Some variables with continuous measurement of my original (observed) data have missing observation but no zero values. But the Stata with multiple imputation method imputed some zero values for the missing cases. The zero values is awkward in real life cases. For example, in my case, all respondents get or make some amount of income for living. I applied both predicted moment matching and regression methods and imputed a large number of data sets to get the values for missing data problem but the zero values could not be avoided. The result of regression method was slightly better than that of PMM method. The summary result of PMM method is given below where you see 202 0 cases in a imputation set (20th set). The zero cases affects mean of the estimation. I had asked this question last times too. Can you please advise the solution.

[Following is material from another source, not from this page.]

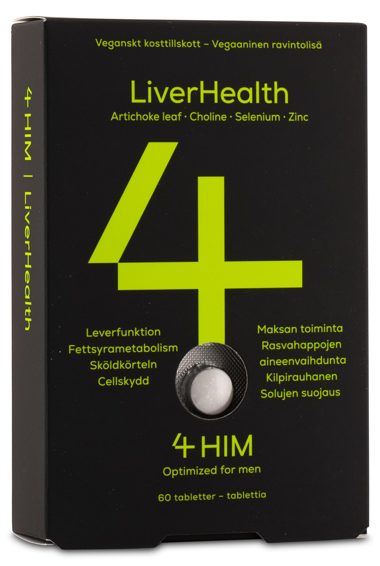 Tue kehoasi 4HIM LiverHealth -ravintolisällä, joka on erityisesti kehitetty miehille. Sisältää koliinia, sinkkiä, seleeniä sekä E-, C- ja B6-vitamiineja ja lisäksi artisokanlehtiuutetta. Koliini tukee normaalia maksan toimintaa ja rasva-aineenvaihduntaa, kun taas sinkki edistää rasvahappojen normaalia aineenvaihduntaa. Sinkki, E- ja C-vitamiini suojaavat soluja oksidatiiviselta stressiltä. B6-vitamiini edistää proteiini- ja glykogeeniaineenvaihduntaa ja seleeni tukee normaalisti kilpirauhasen toimintaa.

.................................................. .................................................. .................................................. ..........................................
mi impute chained ( pmm, knn(200)) myinc0 myinc2 myinl0 educ0 educ1 educ2 =i.female , add(20) rseed(213) replace
(output truncated)
..............
Performing chained iterations ...

Multivariate imputation Imputations = 40
Chained equations added = 20
Imputed: m=1 through m=40 updated = 20
Initialization: monotone Iterations = 400 burn-in = 10

myinc0: predictive mean matching
(output truncated)
------------------------------------------------------------------
| Observations per m
|----------------------------------------------
Variable | Complete Incomplete Imputed | Total
-------------------+-----------------------------------+----------
myinc0 | 3962 2363 2363 | 6325
myinc2 | 5028 1297 1297 | 6325
myinl0 | 4554 1771 1771 | 6325
educ0 | 3770 2555 2555 | 6325
educ1 | 4169 2156 2156 | 6325
educ2 | 2035 4290 4290 | 6325
------------------------------------------------------------------

. tabulate _20_myinc0

_20_myinc0 | Freq. Percent Cum.
------------+-----------------------------------
0 | 202 3.19 3.19
.066 | 2 0.03 3.23
.121 | 1 0.02 3.24
.16 | 1 0.02 3.26
.198 | 4 0.06 3.32
.22 | 1 0.02 3.34
.253 | 3 0.05 3.38
.308 | 8 0.13 3.51
(output truncated)
Tags: None
Clyde Schechter

Join Date: Apr 2014

Posts: 30100
#2

30 May 2018, 16:27

It is not necessary that the imputed data sets used for multiple imputation estimation contain realistic values for the missing data. The mathematical theory that underlies multiple imputation neither contains nor implies any such condition. The purpose of multiple imputation estimation is to reduce the bias associated with missing data. There are some conditions that apply to the imputation method to make that work. But those conditions can be met with imputation models that produce data that are unrealistic, or even impossible in the real world. As long as the imputation procedure itself is admissible, the bias reduction will happen, and that is all you can ask of multiple imputation.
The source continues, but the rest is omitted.